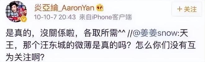 炎亚纶三天两头在微博上对汪东城示爱,但汪东城连个关注也不给,说不定早就拉黑了。
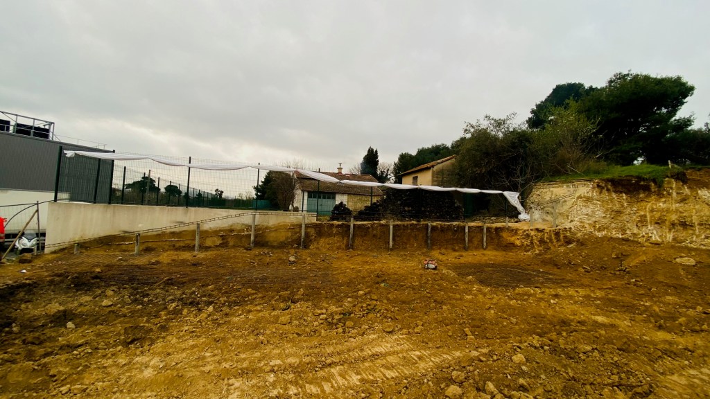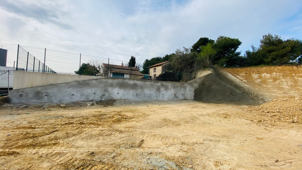 Lors du terrassement de parking avec une grande hauteur couplé à des tirants passif et du béton projeté pour soutenir les terres
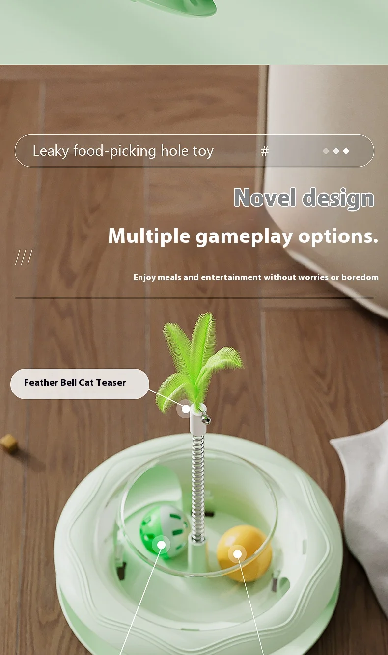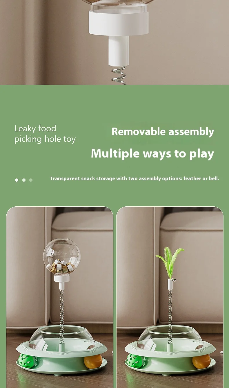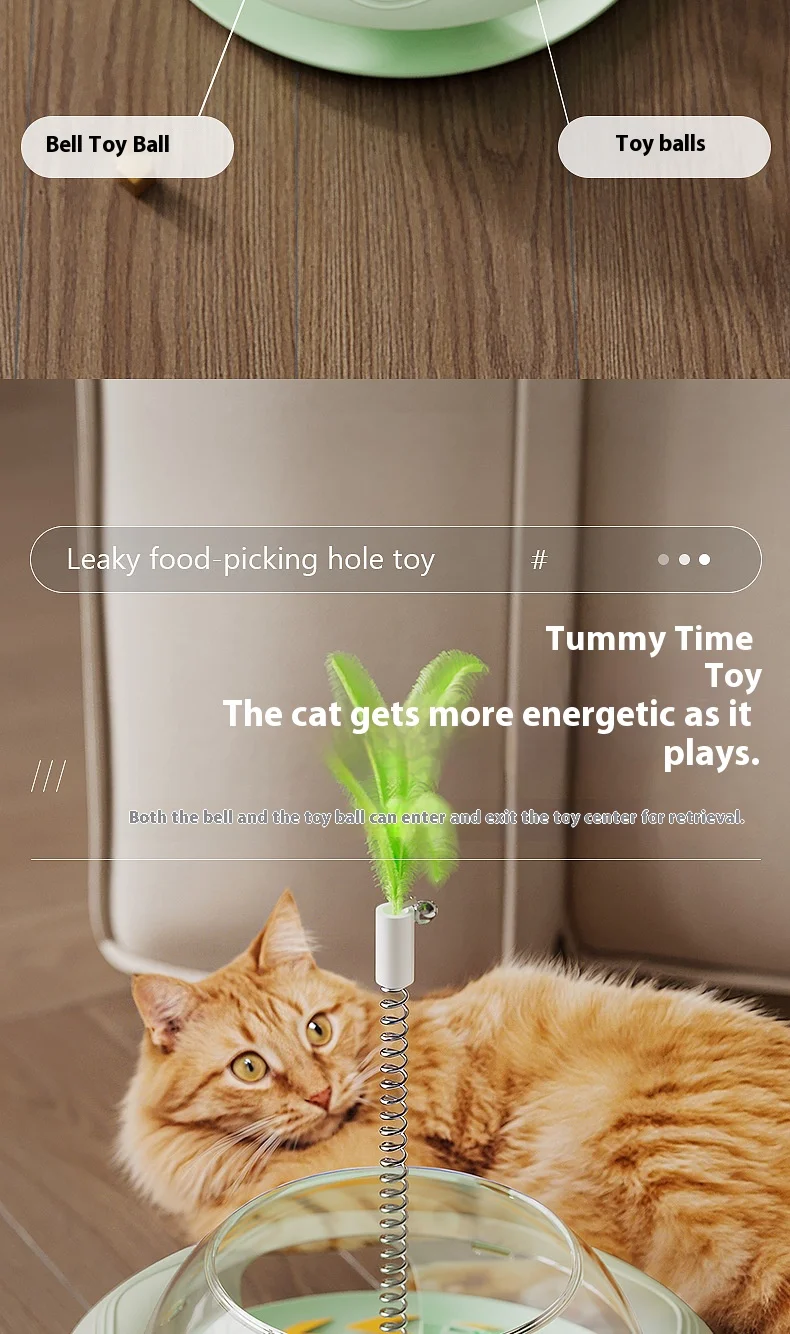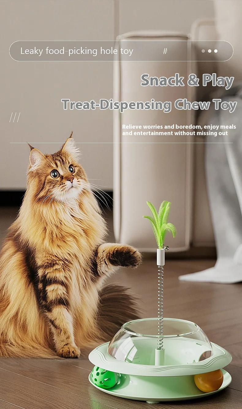 New Cat Treat Dispenser Toy with Spinning Ball – Self Play Puzzle Feeder Replaceable Feather Teaser Boredom Relief

▶ [What the exercise asks]: Your copy should match the data exactly, apart from the images, which are dropped.

▶ [Result for this task]:
 炎亚纶三天两头在微博上对汪东城示爱,但汪东城连个关注也不给,说不定早就拉黑了。
 Lors du terrassement de parking avec une grande hauteur couplé à des tirants passif et du béton projeté pour soutenir les terres
 New Cat Treat Dispenser Toy with Spinning Ball – Self Play Puzzle Feeder Replaceable Feather Teaser Boredom Relief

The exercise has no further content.